The UNICEF Office of Research – Innocenti is currently supporting an in-depth, long term research partnership to scientifically measure the impact of cash transfer programmes across a wide stretch of sub-Saharan Africa. Using rigorous impact evaluation standards, hard evidence is mounting up that tiny monthly cash transfers can bring about significant improvements for children, especially in the most remote rural communities where services are limited or non-existent.
Here is a fascinating table showing the impact of the Zambian Government’s Child Support Grant programme – a US$12/month unconditional payment targeting households with young children in Zambia’s three poorest districts. In key indicators of material poverty, early child development, income generation and agricultural productivity, significant, tangible improvements were found to be related to cash transfers, not other factors.

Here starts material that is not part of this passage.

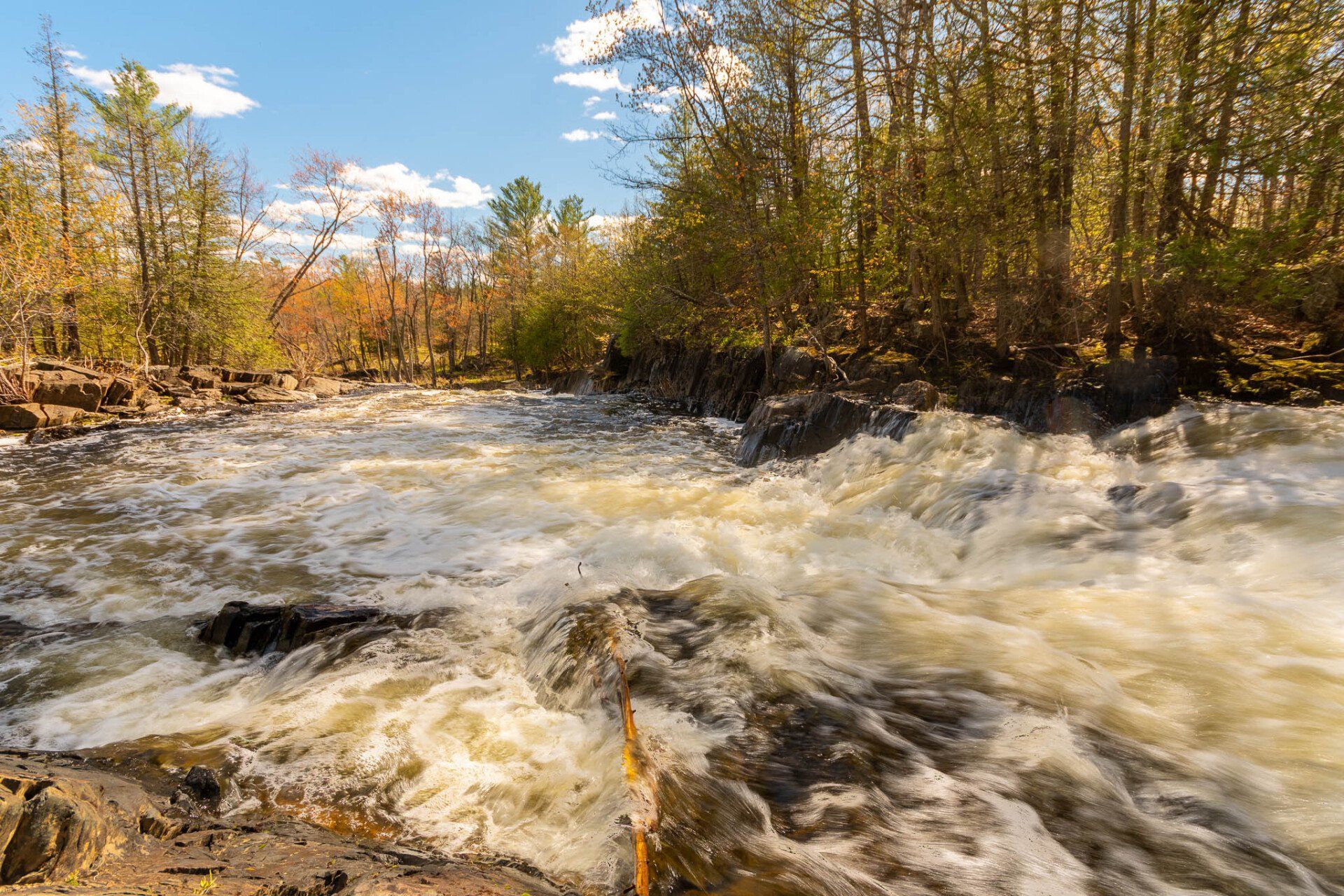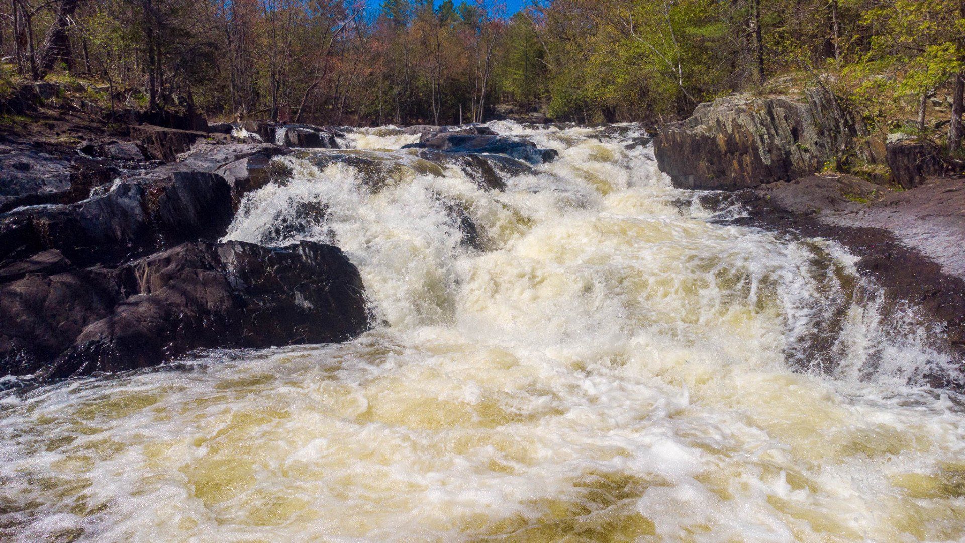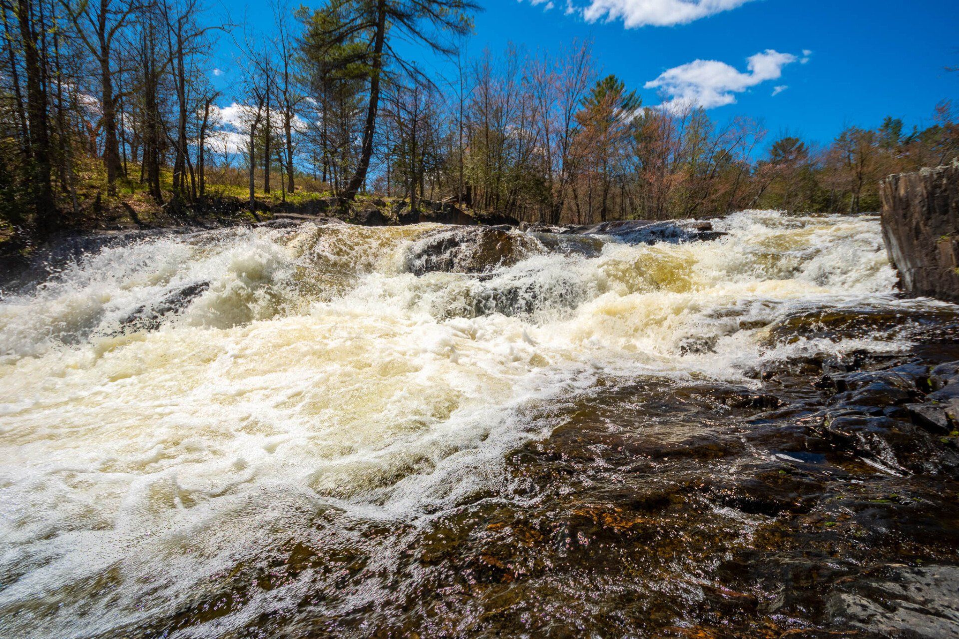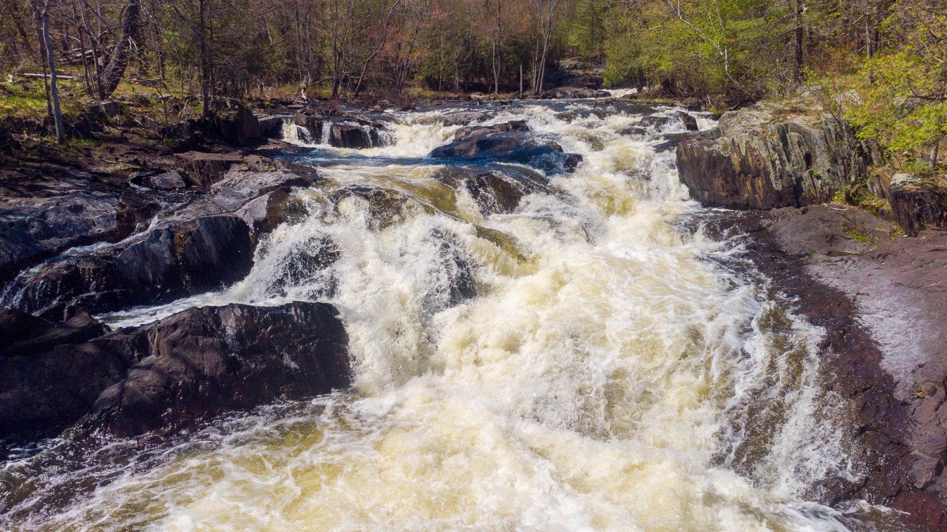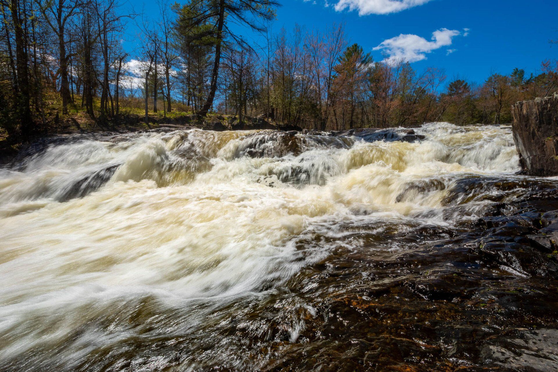 The largest, Upper Cordova Falls is found immediately below a dam at the southern outlet of Cordova Lake. Here, the Crowe River tumbles down a narrow rocky channel perhaps 100 metres long. The river drops about 10 metres, falling not as one main cascade, but rather in at least five distinct smaller drops, separated by short pools. By walking along a poorly marked trail leading south from the dam, you can get to the lower reaches of the falls.

Zambia is one of 13 countries involved in the Transfer Project impact evaluation in sub-Saharan Africa. There are now at least 30 social protection programmes in this region based on long term application of cash transfer strategies. And in 19 of them there are rigorous evaluations of the impact on the most vulnerable children underway. When current impact evaluations are complete the world may well look to Africa to find the most up-to-date research on the possible impact of cash transfers.
Having first emerged in Latin America in the 1990’s, cash transfer programmes in Africa are now sparking important social gains in food security, school attendance and promotion of young people’s safe transition to adulthood. One impact assessment of the Child Support Grant in South Africa has shown statistically significant associations between receipt of the grant and adolescents reduced sexual activity, reduced pregnancy and reduced alcohol and drug use.
Research findings on cash transfers are beginning to spark talk of the development “silver bullet.” Sudhanshu Handa, social policy expert with the UNICEF Office of Research – Innocenti, recently took part in a Washington DC debate titled “Cash Transfers: The New Benchmark for Foreign Aid?” where questions such as “When are cash transfers better than traditional aid?” and “Should aid be benchmarked against the cost effectiveness of cash transfers?” were thrashed out.
In a period of austerity cost effectiveness of development aid is more critical than ever. The development community can now look to Africa for hard-nosed evidence on the impact of cash transfers.